7 Tips agar Mata Tetap Sehat selama Social Distancing

PURWAKARTA-Social distancing dengan berdiam di rumah saja sudah berlangsung dalam beberapa pekan. Ini menjadi imbauan pemerintah guna menekan penyebaran Covid-19 di Indonesia. Otomatis, nyaris seluruh aktivitas harus dilakukan dari rumah. Orang tua work from home, anak-anak pun mesti belajar secara daring. Penggunaan piranti digital seperti laptop, tablet dan ponsel semakin meningkat.

Dr Anna Nur Utami Sp.M, Spesialis Mata JEC dari Layanan Infeksi dan Imunologi menyebutkan, imbauan untuk tetap di rumah selama pandemi korona membuat intensitas menatap monitor elektronik semakin tinggi dengan durasi yang kian lama.

Secara terus menerus, sambungnya, itu bisa berdampak timbulnya computer vision syndrome (CVS), yaitu gangguan pada mata akibat penggunaan piranti berbasis komputer. Gejala yang paling sering muncul adalah terjadinya mata kering karena berkurangnya refleks berkedip dan kontras pencahayaan dari monitor yang kerap menyebabkan mata lelah.
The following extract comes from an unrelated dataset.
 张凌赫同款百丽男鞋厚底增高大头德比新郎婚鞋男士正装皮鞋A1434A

Sebagai eye care leader di Indonesia, JEC Eye Hospitals & Clinics meneruskan kepeduliannya pada kesehatan mata masyarakat dengan menyiapkan tujuh langkah jitu untuk menjaga indra pandang secara mandiri, selagi di rumah saja.

Pertama, atur jarak pandang. “Saat menatap layar, kita cenderung mendekatkan mata ke monitor, atau sebaliknya. Upayakan mempertahankan jarak pandang yang sehat, yakni minimal 33 cm ketika menggunakan ponsel, dan 60 cm untuk komputer,” kata dr Anna.
Kedua, koreksi kelainan refraksi. “Jika memiliki kelainan refraksi, baik minus, plus, ataupun silinder, sebaiknya gunakan kacamata selama melakukan pekerjaan di depan layar komputer,” ujarnya.
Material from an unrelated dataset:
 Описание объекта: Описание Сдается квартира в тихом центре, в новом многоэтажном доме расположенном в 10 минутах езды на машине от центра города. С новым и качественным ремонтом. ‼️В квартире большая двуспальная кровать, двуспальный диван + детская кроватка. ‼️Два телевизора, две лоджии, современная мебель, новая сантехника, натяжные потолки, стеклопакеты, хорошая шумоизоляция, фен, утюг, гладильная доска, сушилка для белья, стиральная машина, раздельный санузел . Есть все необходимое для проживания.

Ketiga, beri durasi tatap layar. “Batasi waktu Anda melihat layar secara disiplin. Maksimal setiap 2 jam, jauhkan mata dari layar selama 15 menit. Bahkan, bagi anak di bawah usia 16 tahun, termin maksimal yang sehat hanya 2 jam sehari. Itu pun akumulasi, tidak secara terus menerus,“ kata dr Anna tegas.

Keempat, alihkan pandangan sejenak. “Pengalihan pandang krusial untuk menjaga mata tetap sehat. Terapkan rumus 20-20-20! Setiap 20 menit menatap gawai, palingkan mata Anda selama 20 detik untuk melihat objek berjarak 20 meter. Fokuskan mata pada target pandang yang jauh dan warna yang lebih segar, seperti hijau dan biru. Seperti melihat pohon atau rumput di halaman, atau pandang birunya langit lewat jendela,” ujarnya.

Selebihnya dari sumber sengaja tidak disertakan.